Going from the top of the listing below to the line that holds "Step 7 Continue to pull away the layers...", reproduce each line exactly; no pictures.

----------------

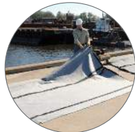
Ultra-Oil Filter Boom, Skirted Model
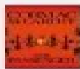
November release Penguin
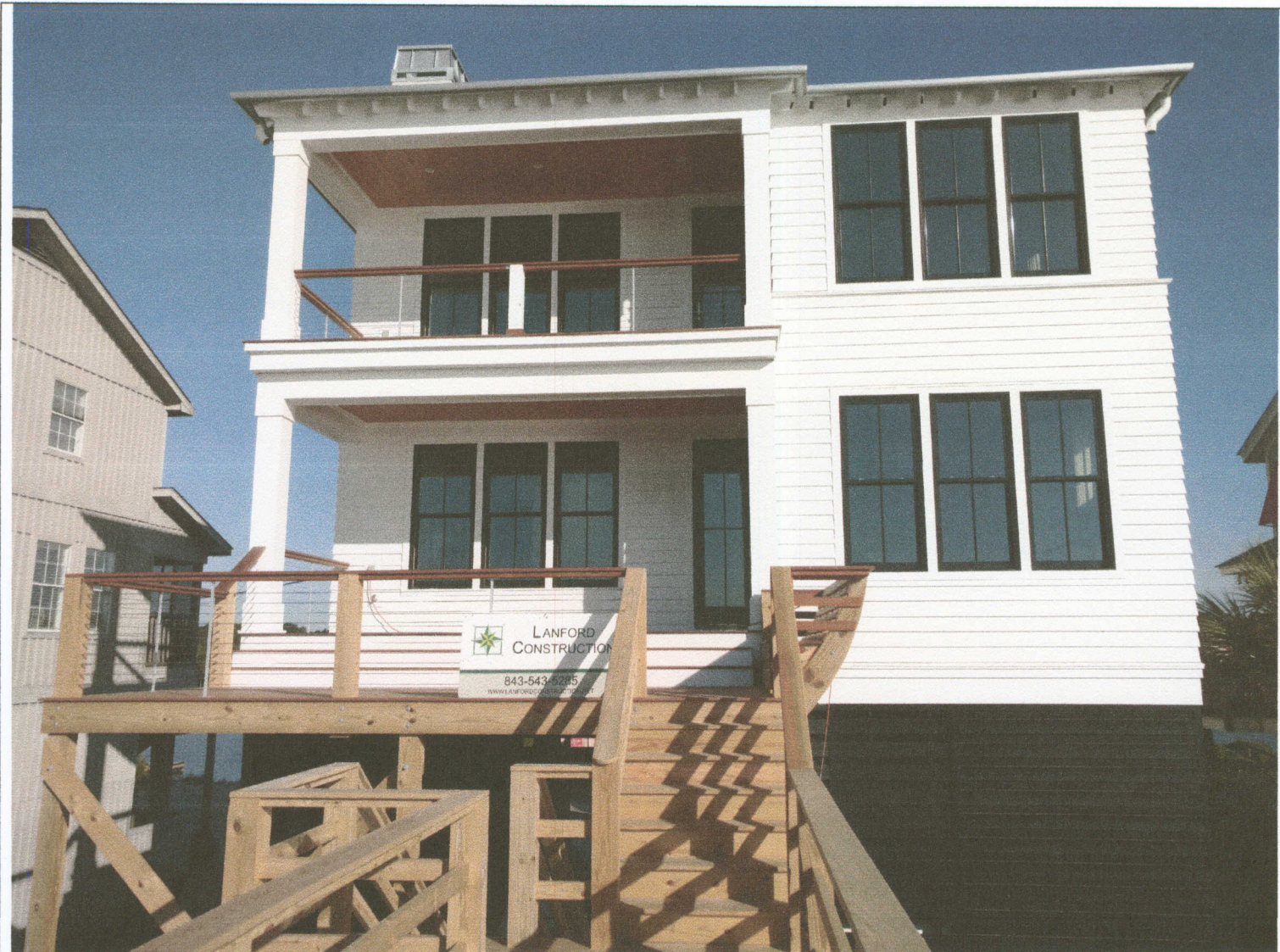
Rear view (Ocean Side): 06/08/16

If submitting more photographs than will fit on the preceding page, affix the additional photographs below. Identify all photographs with: date taken; "Front View" and "Rear View"; and, if required, "Right Side View" and "Left Side View." When applicable, photographs must show the foundation with representative examples of the flood openings or vents, as indicated in Section A8.
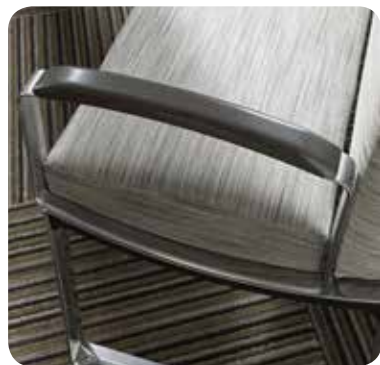
Wood Arm Cap
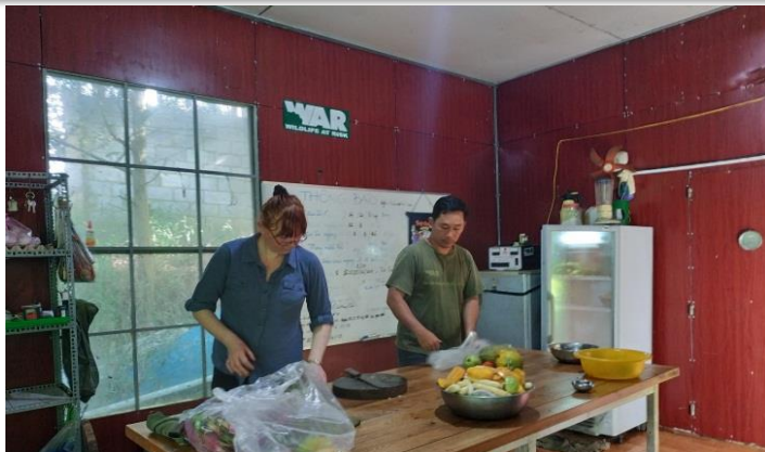
The international volunteer is preparing food for animals
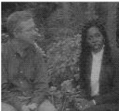
[Announcer]: The Citizens for Truth in Government should be ashamed of themselves.
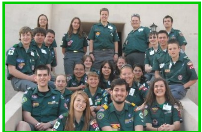
Participants and advisors for the conference.
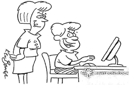
"Well, if God had a facebook page think of how many 'likes' he'd have!"

Look at the following images and answer the questions below.
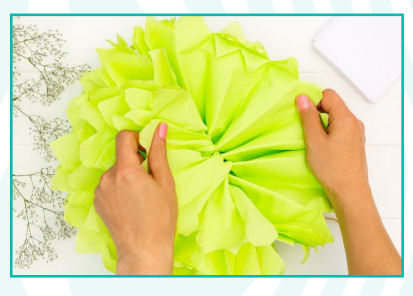
Step 7 Continue to pull away the layers...
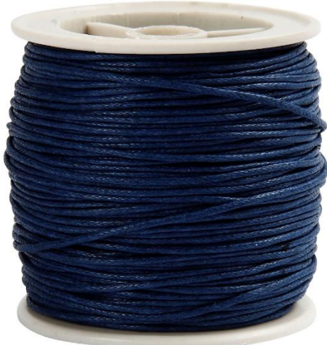
Cotton Cord, thickness 1 mm, blue, 1x40m/ 1 roll Item no. 51574
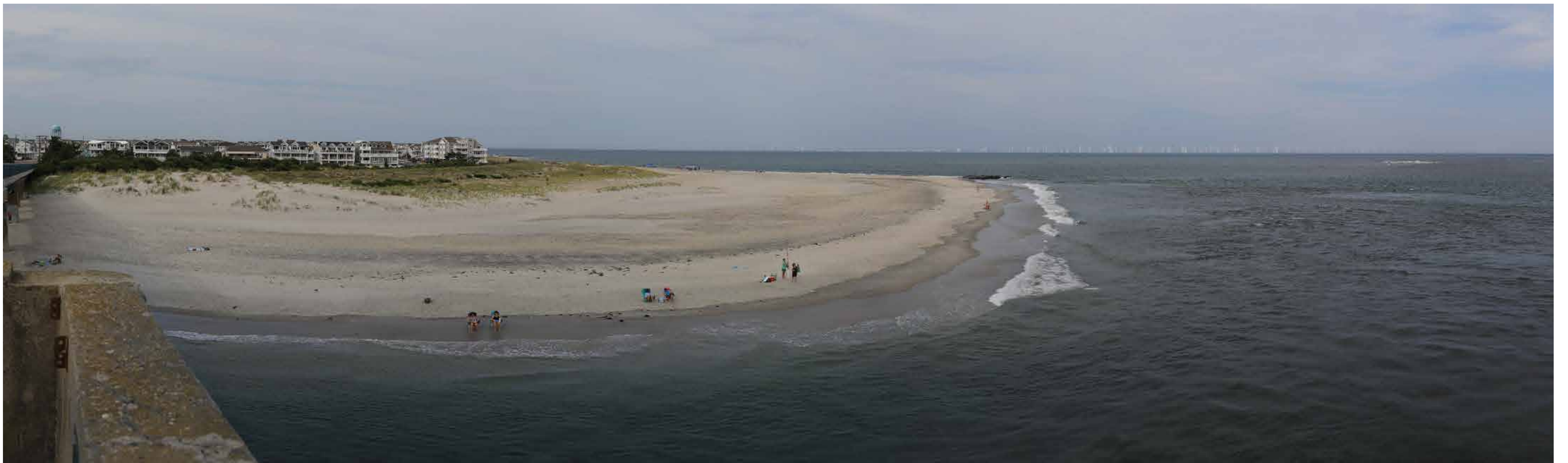
Daytime east-northeast view of full lease build-out at Townsend's Inlet Bridge, Sea Isle City, New Jersey

Key Observation Point SIC02 - Distance to Project 27 miles
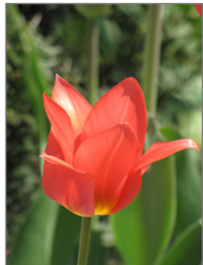
Red Emperor Tulip flowers
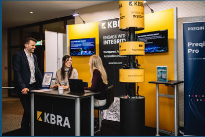
Exhibition Booth £3,000
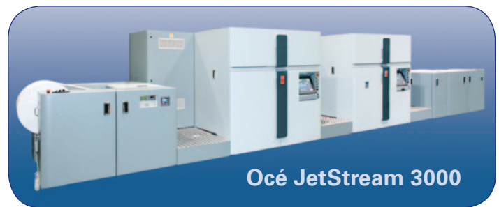
Océ JetStream 3000

As the transaction market deals with the legacy of mainframe applications, transactional printers need better ways to handle, store and reprint mainframe-generated AFP documents. Retrieving a complete AFP document from the mainframe involves resource managers and other applications. The new AFP-to-PDF component converts a mainframe AFP file to a fully composed, highly portable, more compact PDF file that can be easily stored
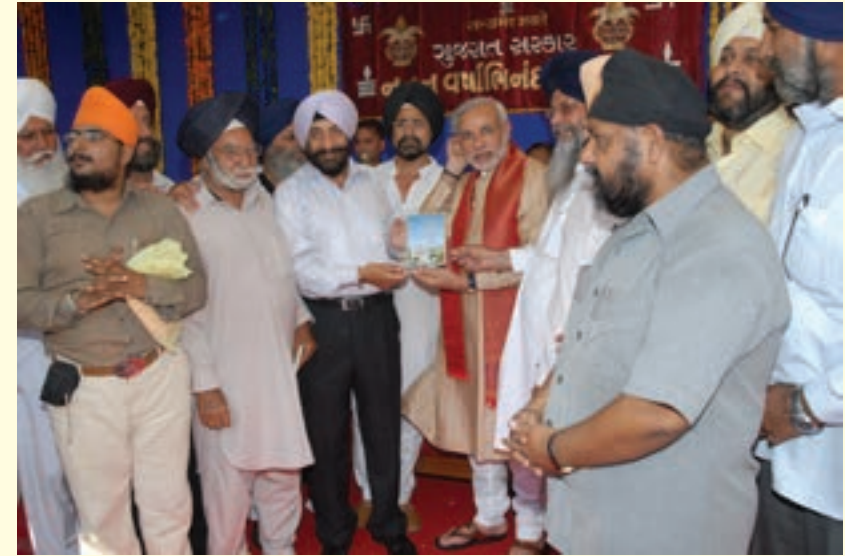
Narendra Modi accepting a memento from Sikh community representatives as Chief Minister of Gujarat during a Gujarati New Year function
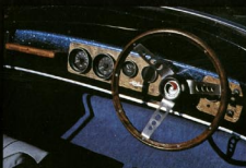
Deluxe Special Edition Dash Panel
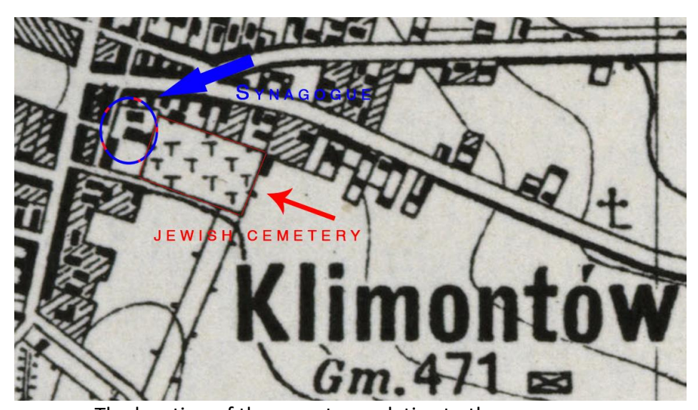
The location of the cemetery relative to the synagogue
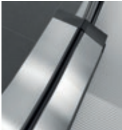
Brushed satin stainless steel

----------------

--- EXERCISE SOLUTION ---
Ultra-Oil Filter Boom, Skirted Model
November release Penguin
Rear view (Ocean Side): 06/08/16

If submitting more photographs than will fit on the preceding page, affix the additional photographs below. Identify all photographs with: date taken; "Front View" and "Rear View"; and, if required, "Right Side View" and "Left Side View." When applicable, photographs must show the foundation with representative examples of the flood openings or vents, as indicated in Section A8.
Wood Arm Cap
The international volunteer is preparing food for animals
[Announcer]: The Citizens for Truth in Government should be ashamed of themselves.
Participants and advisors for the conference.
"Well, if God had a facebook page think of how many 'likes' he'd have!"

Look at the following images and answer the questions below.
Step 7 Continue to pull away the layers...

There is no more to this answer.